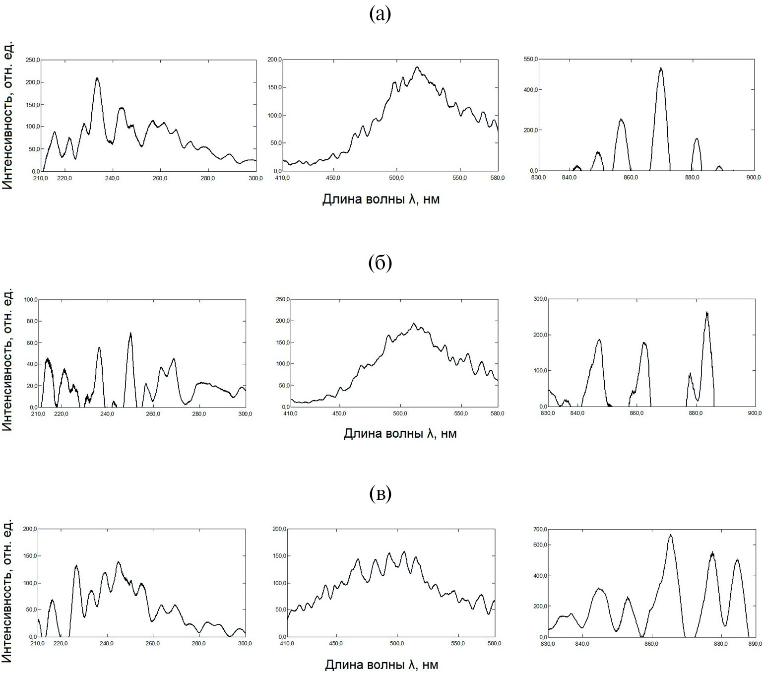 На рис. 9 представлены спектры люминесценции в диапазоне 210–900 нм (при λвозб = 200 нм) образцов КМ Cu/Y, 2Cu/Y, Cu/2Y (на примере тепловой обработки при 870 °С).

+++++

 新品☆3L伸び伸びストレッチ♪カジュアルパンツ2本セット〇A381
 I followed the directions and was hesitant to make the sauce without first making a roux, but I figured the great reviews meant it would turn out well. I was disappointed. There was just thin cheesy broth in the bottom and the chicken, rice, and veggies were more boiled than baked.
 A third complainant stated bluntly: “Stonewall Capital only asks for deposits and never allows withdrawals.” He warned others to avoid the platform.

+++++

* TASK DIRECTIONS *
Please give again the lines above between the line holding "新品☆3L伸び伸びストレッチ♪カジュアルパンツ2本セット〇A381" and the line holding "A third complainant", inclusive, exactly as they are and with nothing added.

* SOLVED PROBLEM *
 新品☆3L伸び伸びストレッチ♪カジュアルパンツ2本セット〇A381
 I followed the directions and was hesitant to make the sauce without first making a roux, but I figured the great reviews meant it would turn out well. I was disappointed. There was just thin cheesy broth in the bottom and the chicken, rice, and veggies were more boiled than baked.
 A third complainant stated bluntly: “Stonewall Capital only asks for deposits and never allows withdrawals.” He warned others to avoid the platform.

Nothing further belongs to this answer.